O investigador do MARE – Centro de Ciências do Mar e do Ambiente – José Carlos Ferreira foi um dos especialistas convidados no mais recente episódio do programa Biosfera, da RTP, intitulado Urbanismo Revolucionário. O episódio centrou-se nos desafios e nas soluções para tornar as cidades portuguesas mais inclusivas, resilientes e ecológicas, numa altura em que os efeitos das alterações climáticas e a pressão demográfica tornam cada vez mais urgente repensar o espaço urbano.
Atualmente, 74% da população portuguesa vive em áreas predominantemente urbanas, distribuídas por 159 cidades. Muitas destas cresceram sem planeamento adequado e hoje enfrentam problemas como falta de espaços verdes, excesso de tráfego, risco de cheias e desconforto térmico nas habitações. Só em Lisboa, estima-se que mais de 130 mil pessoas estarão particularmente vulneráveis ao calor extremo nos meses de verão.

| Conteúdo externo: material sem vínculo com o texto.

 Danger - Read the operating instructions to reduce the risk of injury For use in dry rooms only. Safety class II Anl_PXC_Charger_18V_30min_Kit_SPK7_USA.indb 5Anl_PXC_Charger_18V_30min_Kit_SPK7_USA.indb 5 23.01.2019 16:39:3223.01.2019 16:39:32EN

Durante o programa, José Carlos Ferreira defendeu que uma das chaves para cidades mais sustentáveis passa pela reorganização do território e pela valorização das infraestruturas verdes. Para o investigador, a descentralização do trabalho é essencial, fenómeno que engloba também a adoção do trabalho remoto. “Quando eu falo da descentralização, também se fala do trabalho à distância, e depois também a questão de voltar a reordenar os nossos bairros para voltar a ter estes serviços.”.
Outra solução, poderá também ser a redução do espaço dedicado ao transporte individual, que compete diretamente com a cidade. “Temos menos espaço para por exemplo, para o transporte individual. Tendo menos espaço para o transporte individual que é o grande competidor da cidade, temos mais espaço livre para as outras funções", explica.

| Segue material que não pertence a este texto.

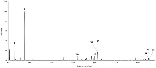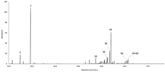 GC-MS profile of B. sinuata leaf EO on a 5%-phenyl–methylpolysiloxane stationary phase. The peak numbers refer to the major compounds (≥2.0% as average amount) in Table 1.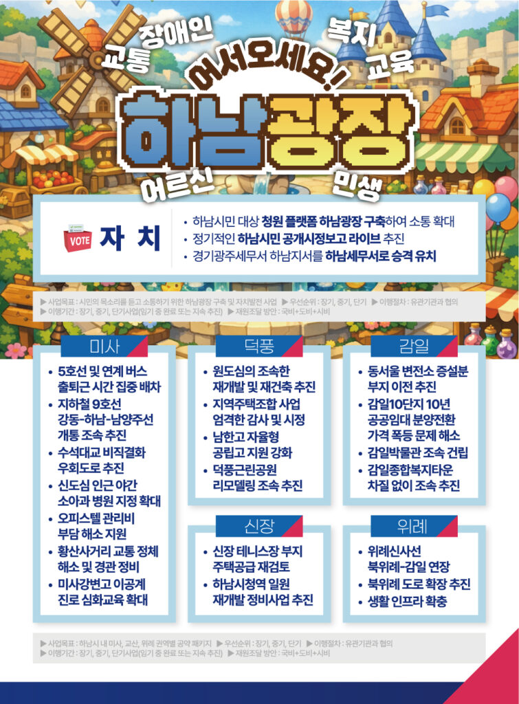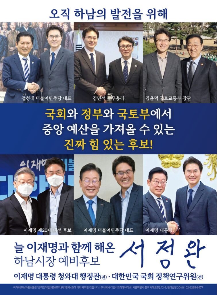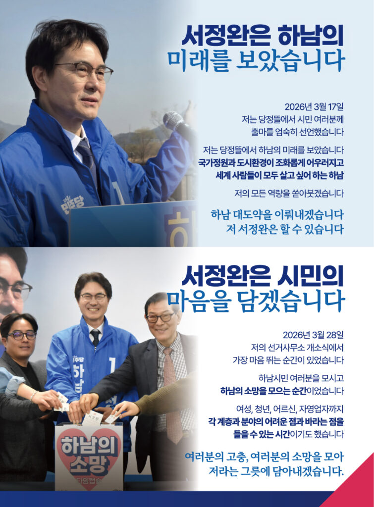 < 하남시장 예비후보 서정완 홍보물 대공개! >하남 소식 몇 주 전부터 정성스럽게 준비한서정완 예비후보자홍보물을 대공개합니다! 당과 대한민국에 헌신한 저의 일생과하남을 위한 중점사업 및 다양한 공약을 담았습니다. 많은 분들의 일독을 부탁드립니다. 감사합니다!

O investigador alertou também para os impactos das alterações climáticas nas zonas urbanas, nomeadamente o aumento das chamadas "noites tropicais", em que a temperatura não desce abaixo dos 20ºC. “Isto é muito preocupante, porque mostra uma tendência grande de mudança de incremento de temperatura. Qual é que é o principal problema? As nossas cidades não estão preparadas para este aumento porque a maior parte da construção não está adaptada a este tipo de clima.”, começa por explicar. “As alterações climáticas têm as costas muito largas. O que nós temos é realmente um grave problema de ordenamento do território. Temos o território desordenado e desadequado a tudo. O que é que as alterações climáticas vieram fazer? Pôr evidência a isso"
Um dos exemplos positivos referidos no programa foi o caso de Setúbal, onde o Plano Diretor Municipal (PDM) definiu que algumas zonas de risco de inundação fossem preservadas como áreas verdes. Em vez de se optar pela construção, essas zonas passaram a desempenhar funções ecológicas importantes, como no caso da bacia de retenção do Livramento.
“Esta bacia tem quase 100 hectares, numa zona central com grande valor imobiliário. Mas, devido ao risco de inundação, foi destinada a funções compatíveis com a presença de água. A água pode ali permanecer durante meses sem causar problemas à cidade, escoando-se lentamente para o rio Sado. Para além disso, estas infraestruturas prestam serviços essenciais: regulam a água, ajudam a controlar o clima urbano, aumentam a evapotranspiração e criam habitats de biodiversidade.”
José Carlos Ferreira concluiu sublinhando a importância de uma mudança de mentalidade: "Nós temos que ter uma educação mais próxima da natureza. Temos de começar a perceber que a natureza é importante nas cidades".
Com contributos como o de José Carlos Ferreira, o episódio Urbanismo Revolucionário mostrou como é possível transformar as cidades portuguesas em espaços mais equilibrados, habitáveis e preparados para os desafios do futuro.